Erscheinungsdatum: 1749
Anbieter: Antiq. F.-D. Söhn - Medicusbooks.Com, Marburg, Deutschland
Buch
London, Printed by H. Woodfall, for John and Paul Knapton, 1749, Royal Folio (678 x 520 mm), 1 engraved plate; added 1 one outline plate and 1 leaf of plate explanations. "In the Figure are expressed the second order of the muscles in the back part of the body, together with some o the ligaments and naked parts of the Sceleton, with part of the scrotum. This corresponds to the figure of the second table, of which is the back view ; but there is this difference, that in the present figure the Sternomastoidei and Cleidomastoidei muscles are taken away, the back parts of those muscles having been sufficiently represented in the fifth table." Albinus This splendid copperplate of the bones and muscles drawn by Jan Wandelaar established a new standard in anatomical illustration, which remained unsurpassed for their artistic beauty and scientific accuracy. In an attempt to increase the scientific accuracy of anatomical illustration, Bernhard Siegfried Albinus (1697-1770) and Jan Wandelaar (1690-1759) the artist and engraver devised a new technique of placing nets with square webbing at specified intervals between the artist and the anatomical specimen and copying the images using the grid patterns.
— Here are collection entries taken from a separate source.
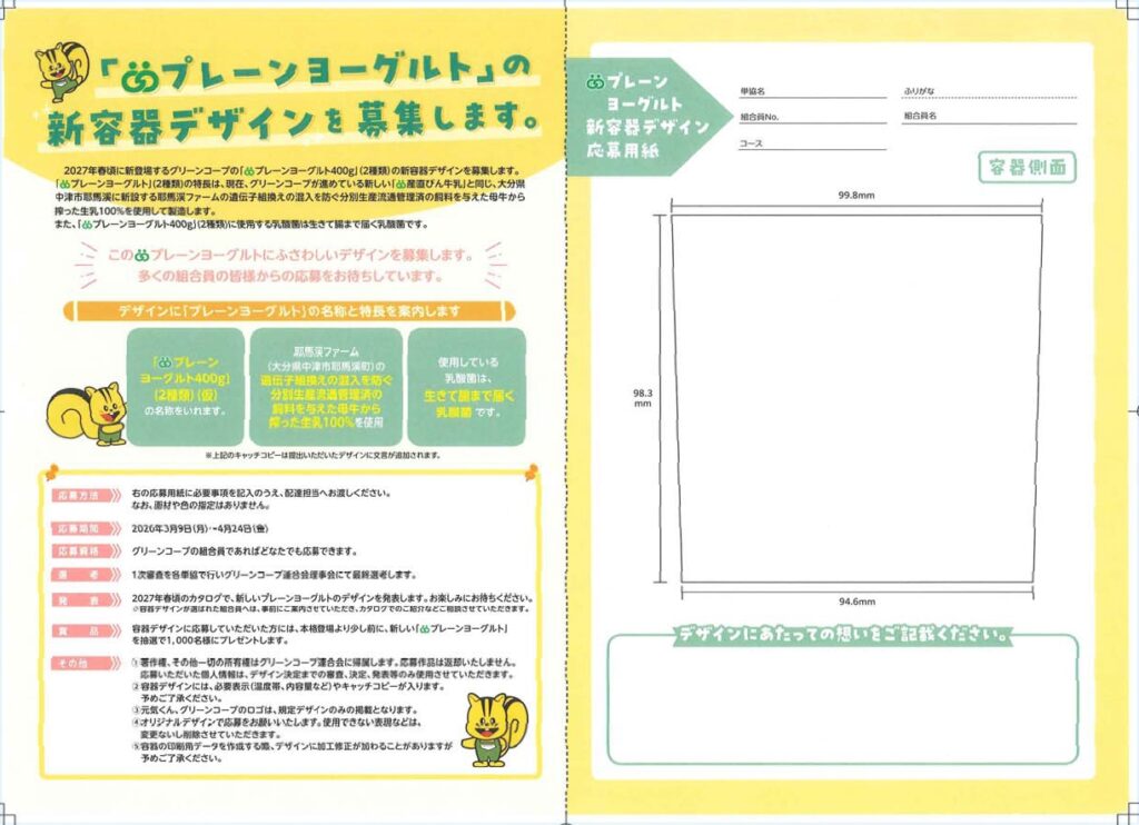 あなたの描いた絵が、グリーンコープのこだわりヨーグルトのパッケージになるチャンスです!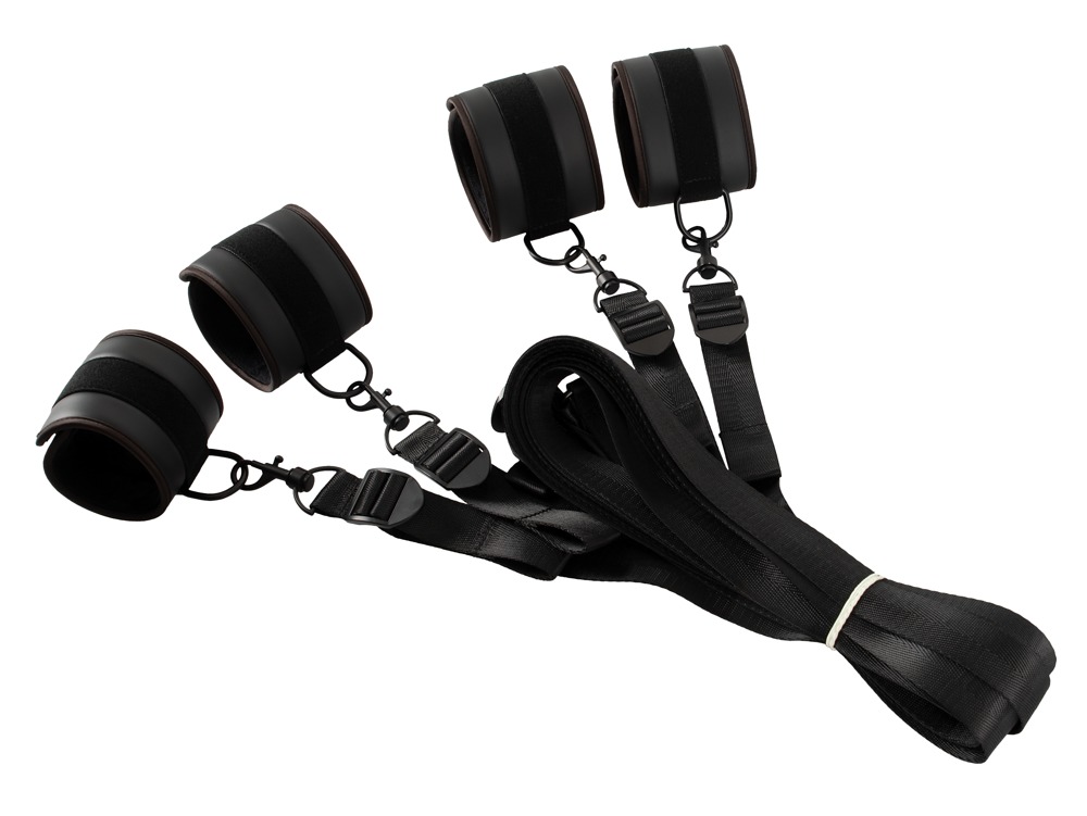 Mit diesem Bettfessel-Set lässt sich jedes Bett in einen profimäßigen Bondage-Playground verwandeln.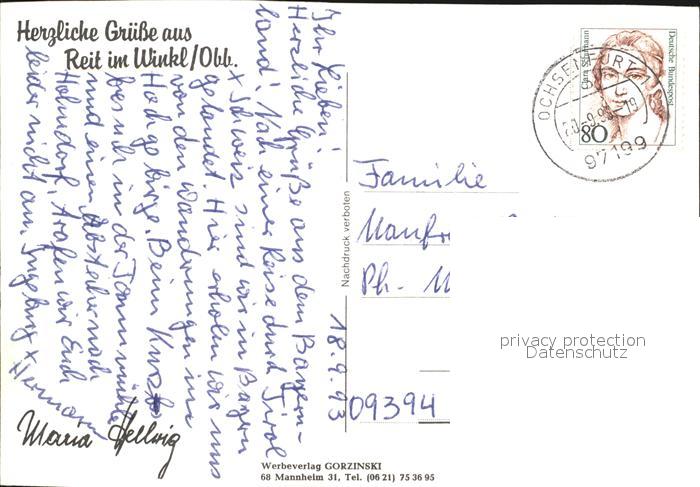 72429985 alte Postkarte Reit Winkl Maria Hellwig postalisch gelaufen Erhaltung siehe scans KatCode: 11110009189139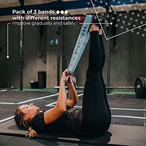 PICSIL Fasce di Resistenza in Tessuto, Confezione da 3 Nastri Elastici per Bodybuilding, Fitness, Yoga, Pilates, Sistema Antiscivolo per Gambe e Glutei, 3 Livelli di Durezza (Blu)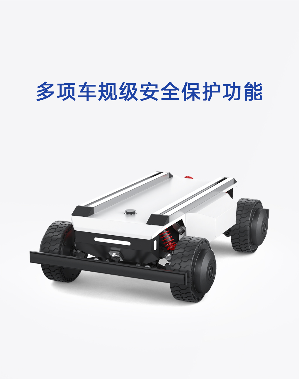 底盘采用全地形独立悬挂设计,具备卓越的减震性能,并融合毫米级运动控制精度,实现更平稳、更灵敏的动态响应。模块化结构结合车规级安全设计,兼顾稳定与机动表现。
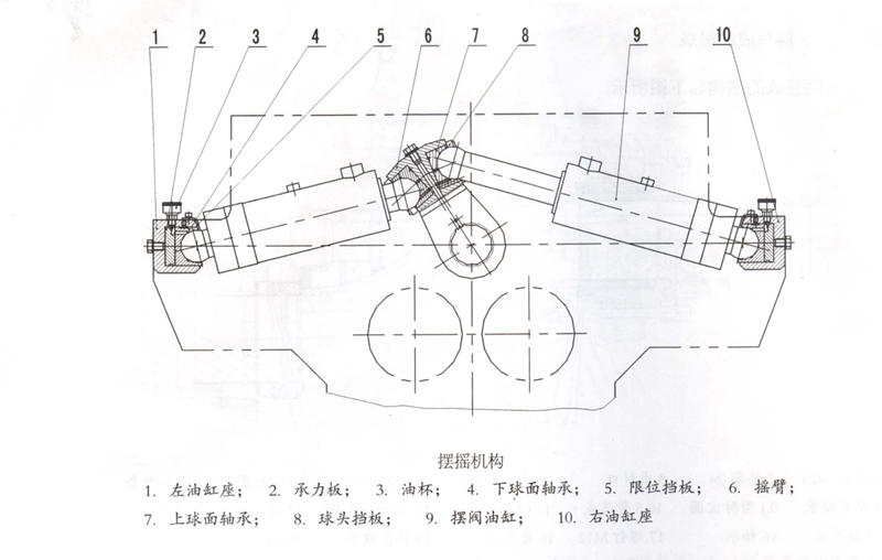 搖擺機構的結構如下圖4所示:它主要由左油缸座1,承力板2,油桿3,下球面軸承4,限位擋板5,搖臂6,上球面軸承7,球頭擋板8,擺閥油缸9,右游缸座10等零部件組成。搖擺機構中擺閥油缸通過液壓系統的控制,保證主油缸的順序動作,驅動搖臂,從而帶動S管,使S管與主油缸協調工作。保證S管的切割環口與泵送的輸送缸為準。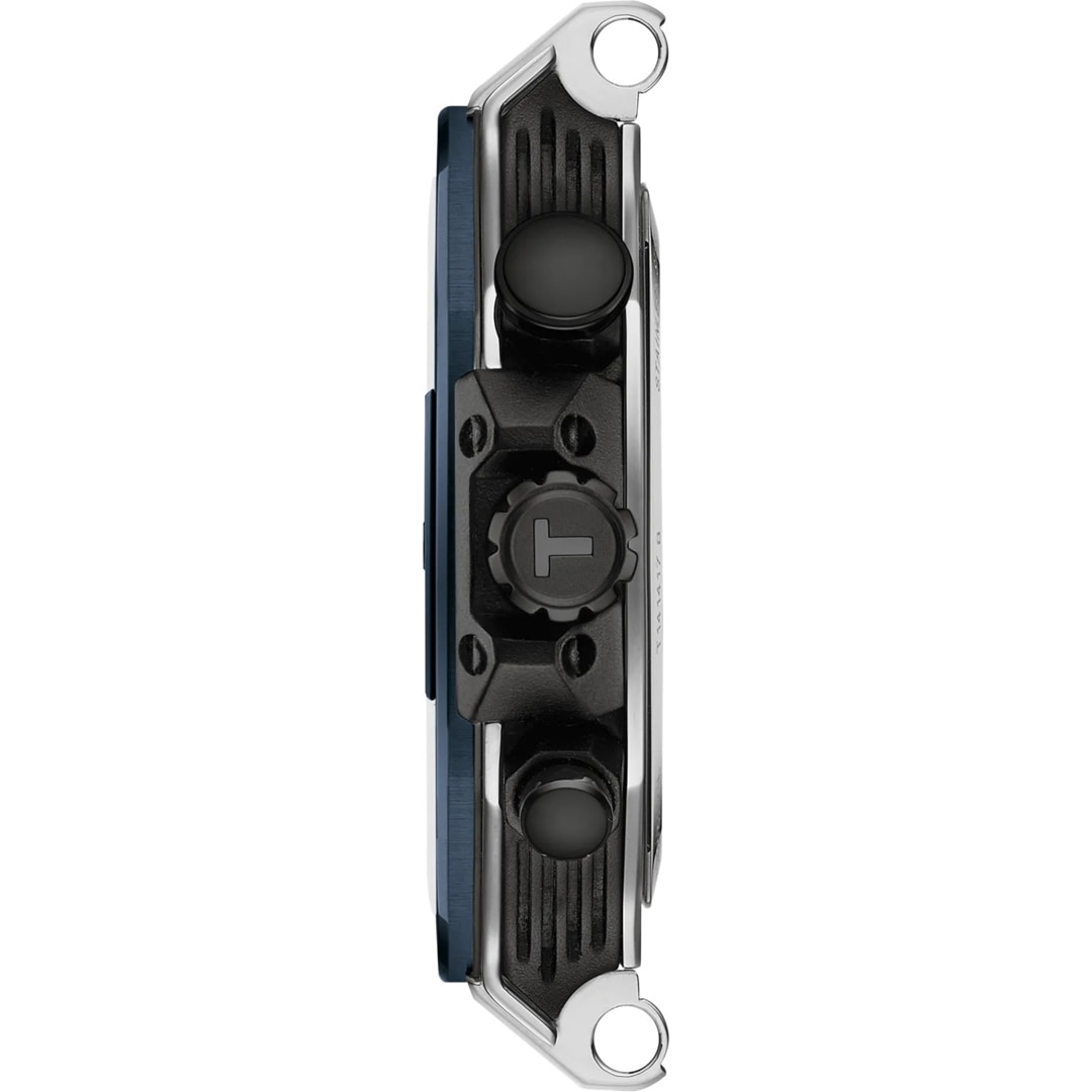 Ihre Wasserdichtigkeit bis zu einem Druck von 10 bar (100 m), ihr präzises Quarz-Chronographenwerk und markante, mit Super-LumiNova© Leuchtbeschichtung versehene Stunden- und Minutenzeiger sowie das Kautschukarmband mit Dornschliesse machen die T-Race 45mm zum idealen Begleiter für Motorradfans.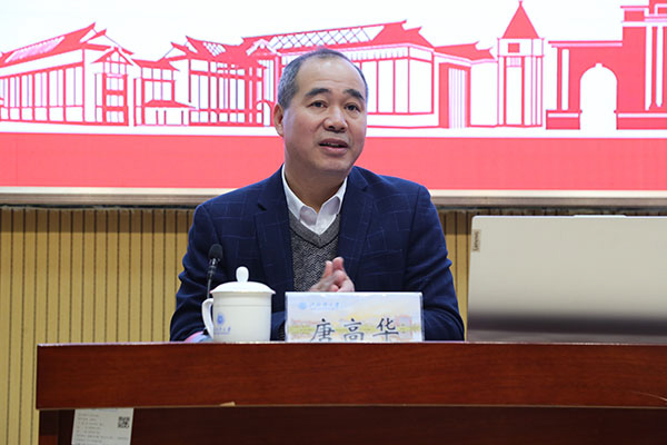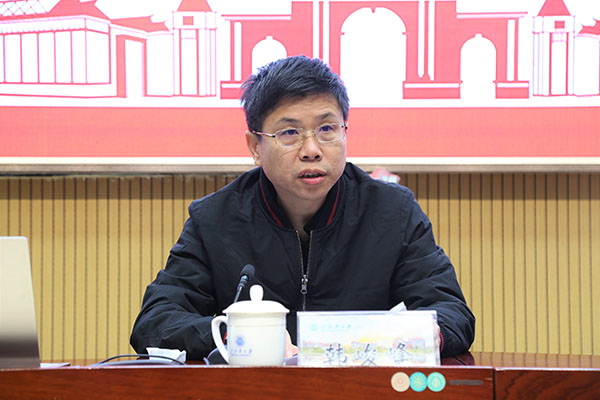 当天,学校在12号教学楼204室召开指导主题报告会。学校校长韩峻峰致欢迎辞,校党委常委、副校长唐高华、陈磊分别主持上下午的大会。

Albinus believed in the idea of "homo perfectus", an idealized perfect human model based on which all humans were derived as variants. In order to represent this perfect human, the illustrations were drawn from multiple specimens. Earlier anatomical drawings such as those accompanying Vesalius' work were drawn from single specimens. Albinus preferred athletic slender forms. 'Tabulae sceleti et musculorum corporis humani' (1747) was criticized by such scholars as Petrus Camper, especially for the whimsical backgrounds added to many of the pieces by Wandelaar, but Albinus staunchly defended him. Wandelaar made the first of the plates in 1742, well before the publication of the Tabulae, and this included the skeleton superposed in front of a rhinoceros. This was the famous rhinoceros Clara which at that time lived in Leiden and was extremely popular. "[Albinus'] works [.] were originally published in Latin at Leiden, but some were reprinted in other places. Especially notable are the first London reprints, in 1749, [.] in Latin; and (in a shorter version) in English, as Tables of the skeleton and muscles of the human body, H. Woodfall for John and Paul Knapton. The plates for these reprints were most carefully and elegantly re-engraved." Roberts & Tomlinson, p.329.